Individuals with familial hypercholesterolemia (FH) are the exception to this rule26. Due to their genetic predisposition, FH patients have exceptionally high levels of serum cholesterol. Dietary advice for FH thus focuses on dietary cholesterol with stricter maximum allowance (no more than 200mg per day). However, saturated fat reductions are still prioritised.
Trans fatty acids
Although naturally occurring trans fatty acids (TFA) can be found in red meat and dairy products, the concern lies with industrially produced TFAs. Industrially produced TFAs have been shown to increase LDL cholesterol and reduce HDL cholesterol, significantly raising CVD risk far more than saturated fats6,15,27,28. These TFAs are a result of the partial hydrogenation process used with vegetable oils to make them more solid and improve their technical qualities. This process was common in the 1970s, but as the harmful effects of TFAs became known, food regulations and manufacturing practices changed28,29. Consequently, TFAs are no longer a concern in most developed countries. In the UK, average intakes remain well below the 5g daily limit set30.

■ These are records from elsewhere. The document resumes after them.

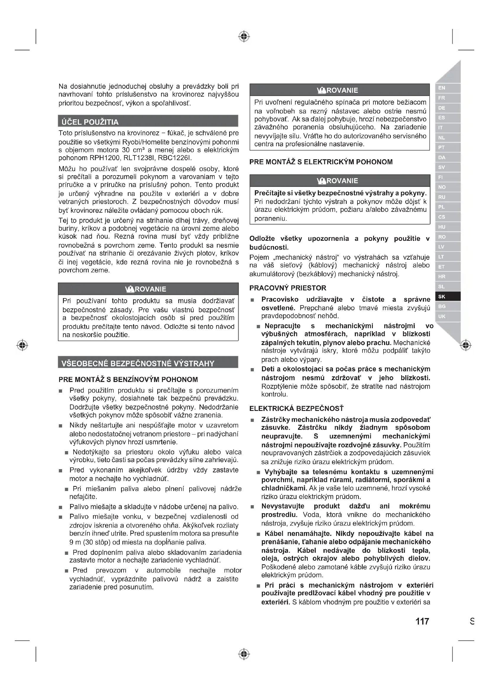 Toto príslušenstvo na krovinorez − fúkač, je schválené pre použitie so všetkými Ryobi/Homelite benzínovými pohonmi s objemom motora 30 cm³ a menej alebo s elektrickým pohonom RPH1200, RLT1238I, RBC1226I. Môžu ho používať len svojprávne dospelé osoby, ktoré si prečítali a porozumeli pokynom a varovaniam v tejto príručke a v príručke na príslušný pohon. Tento produkt je určený výhradne na použite v exteriéri a v dobre vetraných priestoroch. Z bezpečnostných dôvodov musí byť krovinorez náležite ovládaný pomocou oboch rúk. Tej to produkt je určený na strihanie dlhej trávy, dreňovej buriny, kríkov a podobnej vegetácie na úrovni zeme alebo kúsok nad ňou. Rezná rovina musí byť vždy približne rovnobežná s povrchom zeme. Tento produkt sa nesmie používať na strihanie či orezávanie živých plotov, kríkov či inej vegetácie, kde rezná rovina nie je rovnobežná s povrchom zeme. VAROVANIE Pri používaní tohto produktu sa musia dodržiavať bezpečnostné zásady. Pre vašu vlastnú bezpečnosť a bezpečnosť okolostojacich osôb si pred použitím produktu prečítajte tento návod. Odložte si tento návod na neskoršie použitie.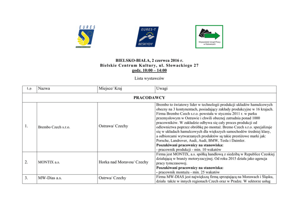 Lista wystawców 2016 - Wojewódzki Urząd Pracy w Katowicach
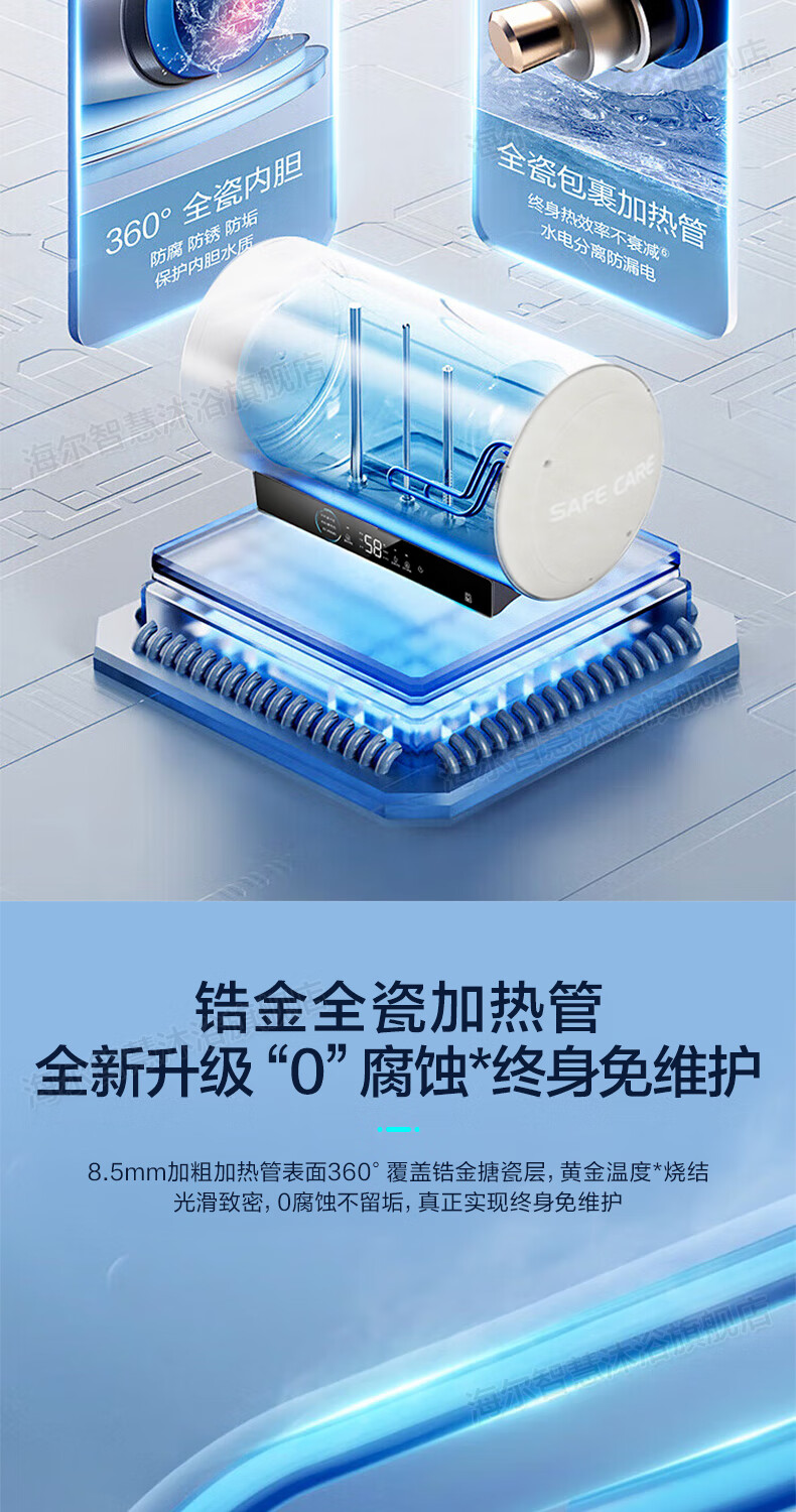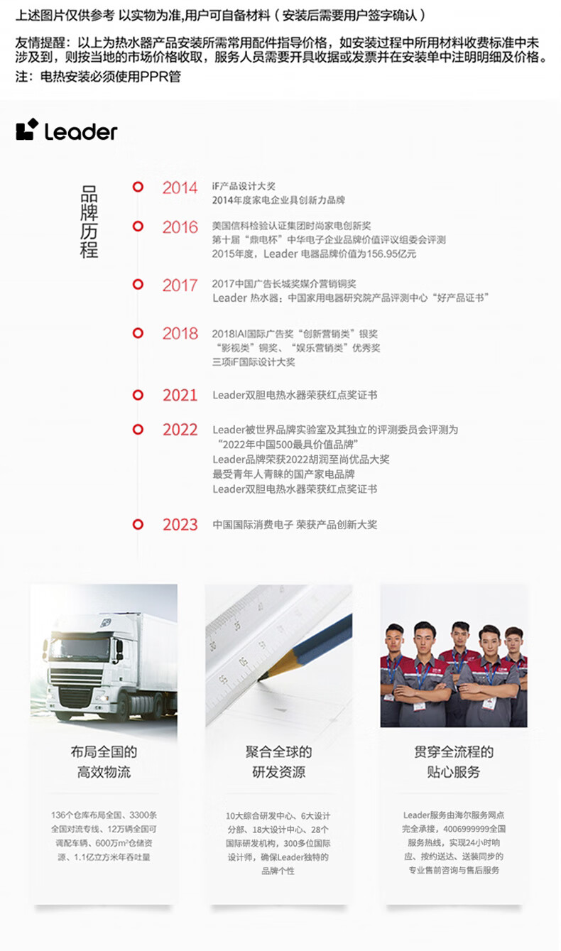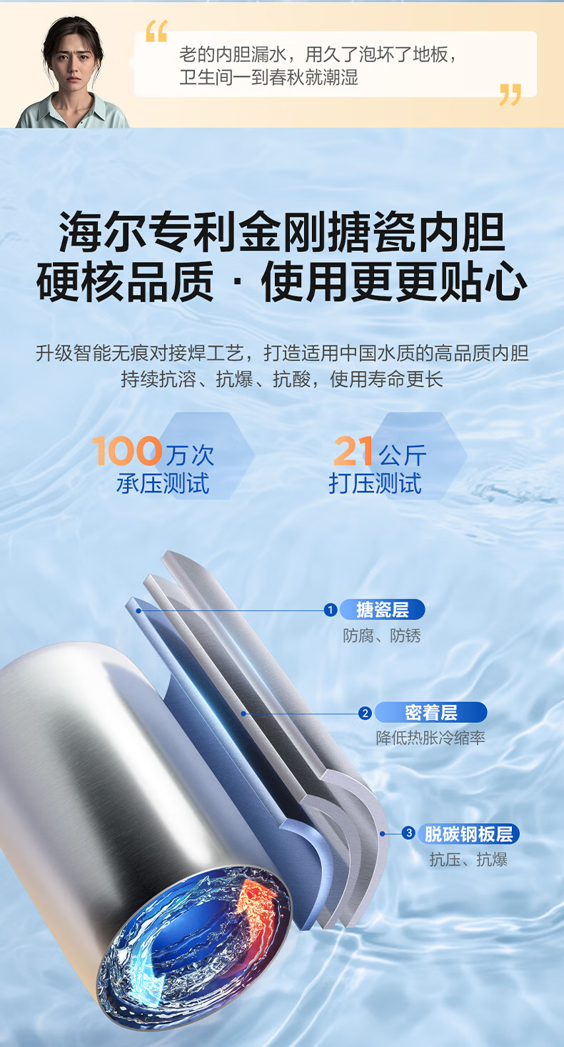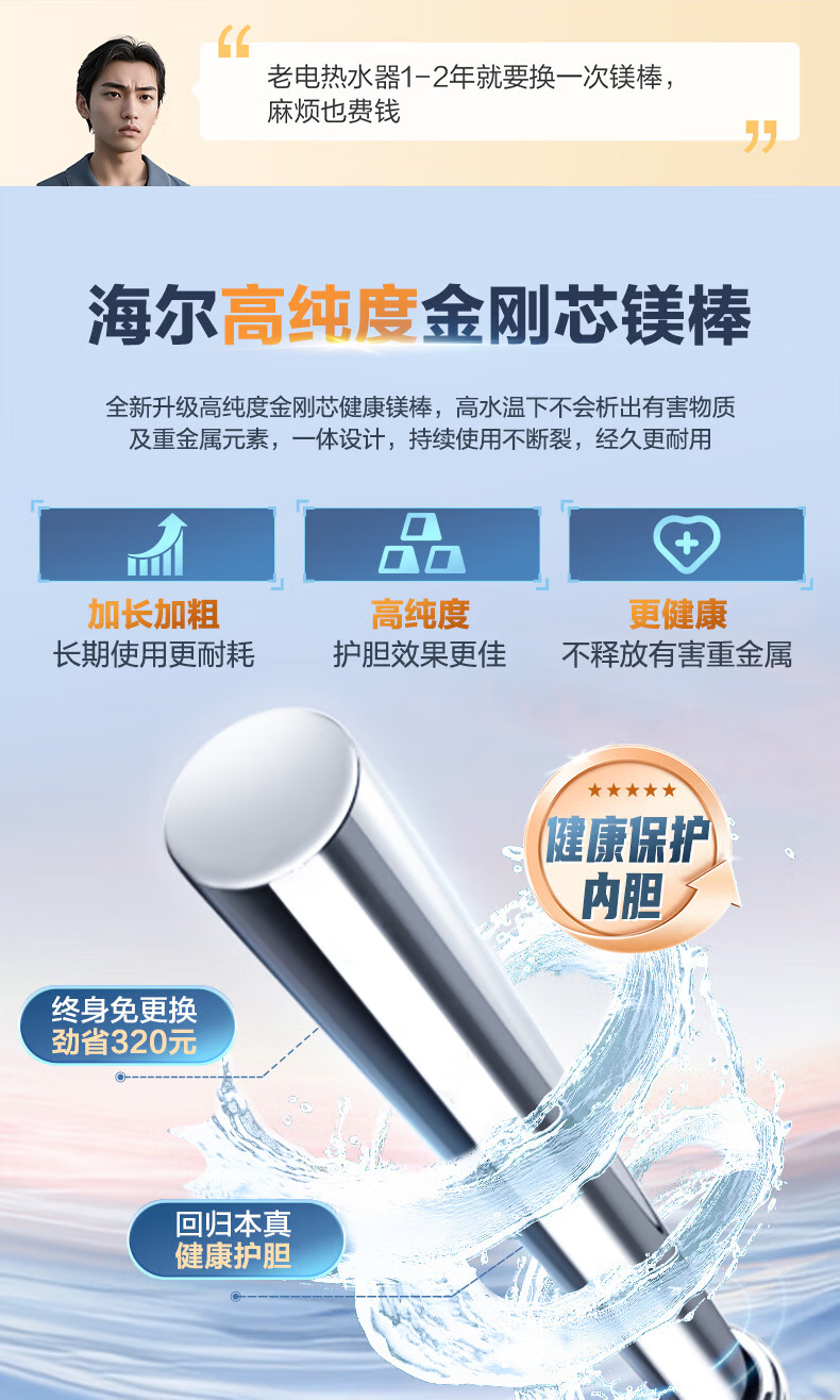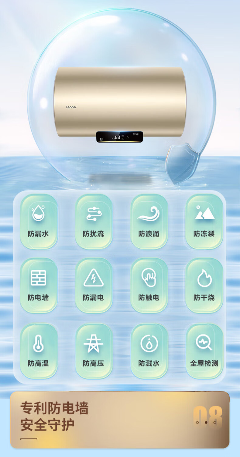 海尔(Haier)储水式电热水器电家用速热一级能效节能家用安全加长防电墙智能家电6重防护上门安装Leader系列 60L 2200W 锆金全瓷/内胆免洗/镁棒免更换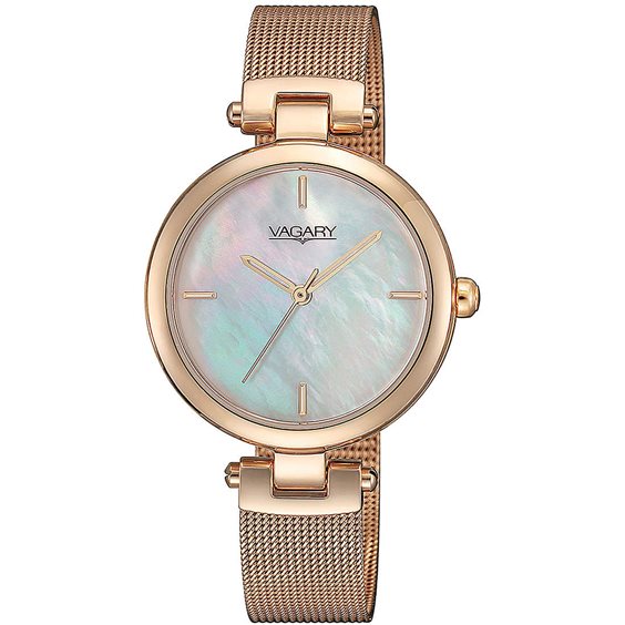 Orologio da donna Vagary Flair Lady Movimento Al quarzo Citizen Caratteristiche Cassa in acciaio rosato. Bracciale acciaio rosato in fine maglia Milano. Vetro minerale. WR 5 bar. Dimensioni Diametro cassa 30 mm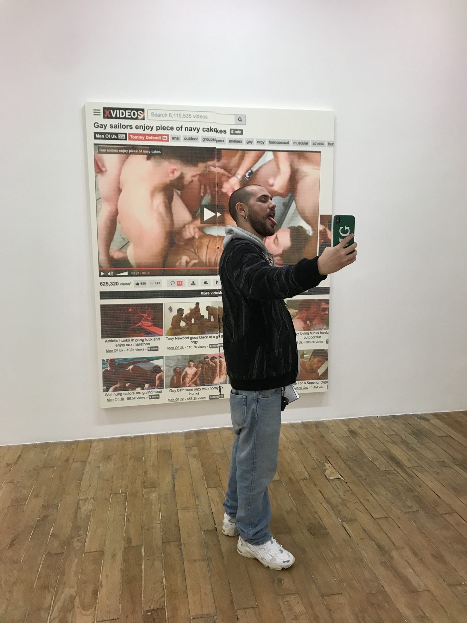 032c fashion director MARC GOEHRING has created an island on ANIMAL CROSSING, and he’s importing some of his favorite art – namely, a Wade Guyton originally exhibited at Galerie Chantal Crousel in Paris last year. In order to make the work a part of his sculpture garden, he “hand-pixelated” the work – a digital collage referencing an “XVideos.com” video called “Gay sailors enjoy piece of navy cakes” – breaking it down into 56 squares and reassembling them into eight rows of seven pieces each. Then, he created a QR code using his iPhone and uploaded it to his NookPhone, imported it into Animal Crossing and putting the artwork together one block at a time. Goehring reckons that the process took him about five hours to complete the picture, which is now the centerpiece in his cherry-blossom filled outdoor sculpture park. Several works by Guyton now populate his indoor gallery as well. See the process – and the result – below.
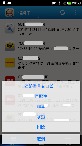 郵便、佐川急便、ヤマト運輸などの荷物を一括で追跡できるアプリです。荷物がどこにあるのかがシンプルに表示されるので、わかりやすく確認することができます。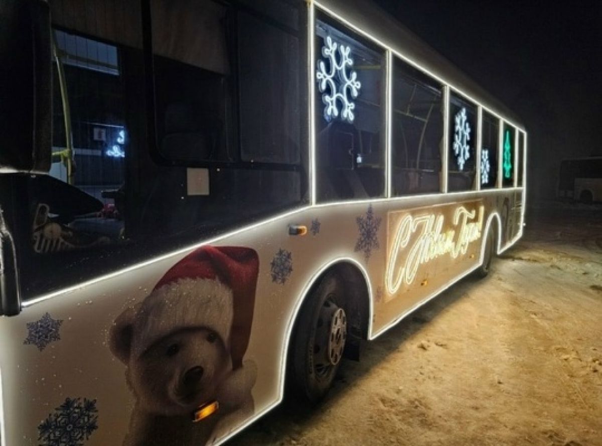 у Грязинского АТП уже сложилась традиция создавать праздничный транспорт. Они давно соревнуются в креативе, чтобы удивлять горожан каждую зиму. Так, к примеру, выглядел новогодний автобус-экспресс два года назад.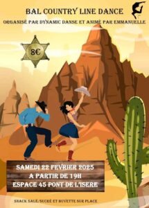 Le Samedi 22 Février 2025, Bal Country Line Dance , animé par *Emmanuelle*, chez *Dynamic Danse*, à 19h00, Espace 45, Pont de L’Isère (266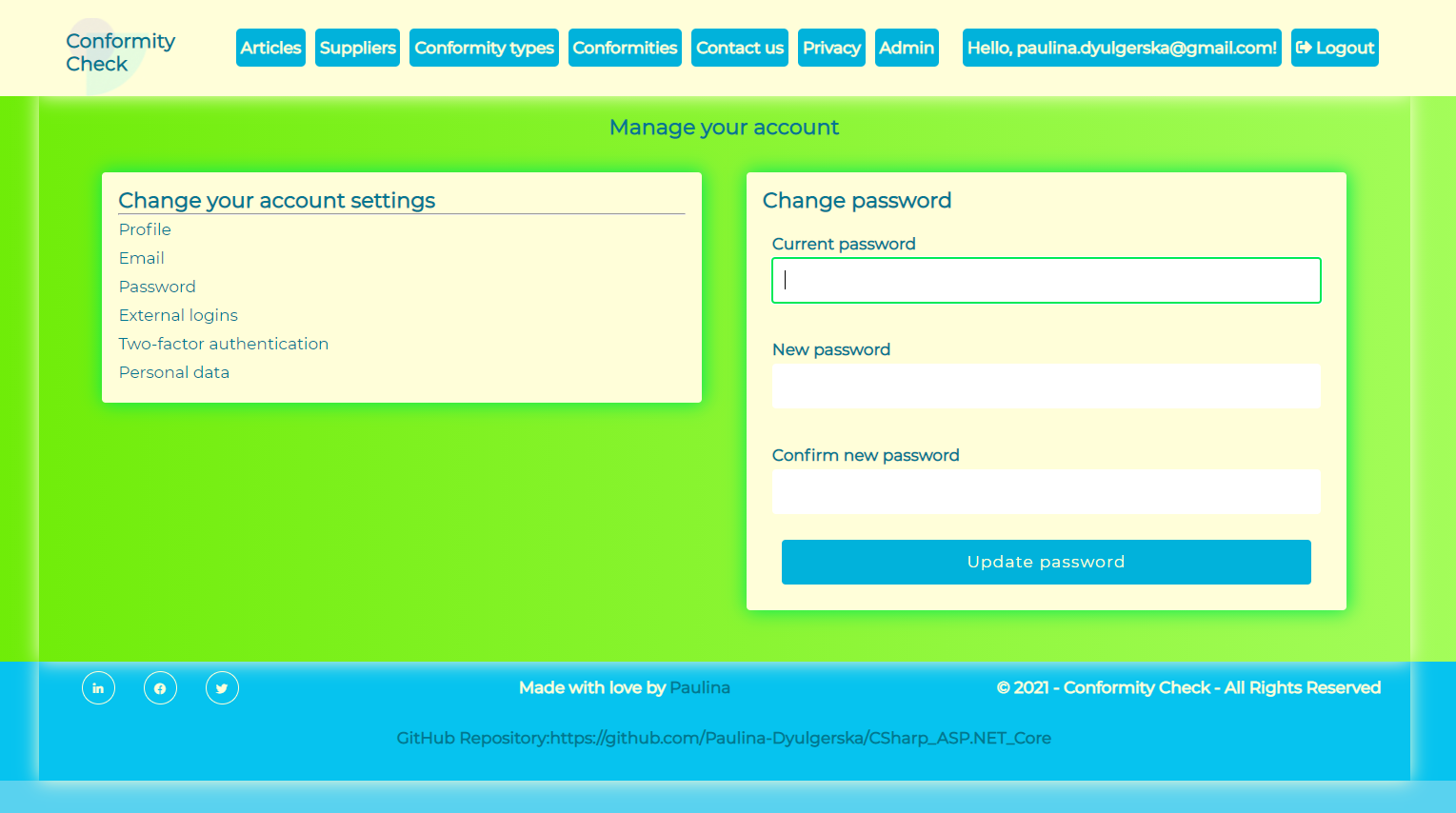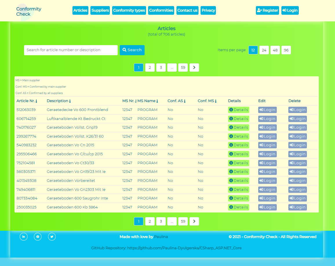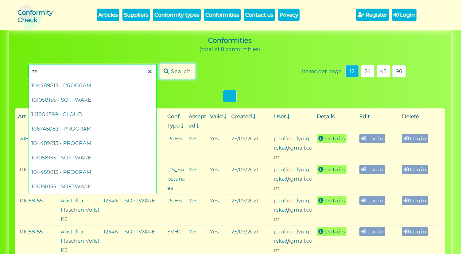 Conformity Check is a project that manages legal conformity requirements for articles, suppliers and products.

The impact of dietary fats on CHD outcomes
Studies have consistently demonstrated a similar pattern when comparing the impact of dietary saturated fat substitution with other macronutrients on CHD risk. Replacing saturated fat with TFAs increases CHD risk whilst replacement with MUFA, PUFA and (to a lower degree) whole grains reduces risk CHD27.
UK intakes vs recommendations
Current recommendations
- UK public health recommendation31: no more than 10% of energy from saturated fat.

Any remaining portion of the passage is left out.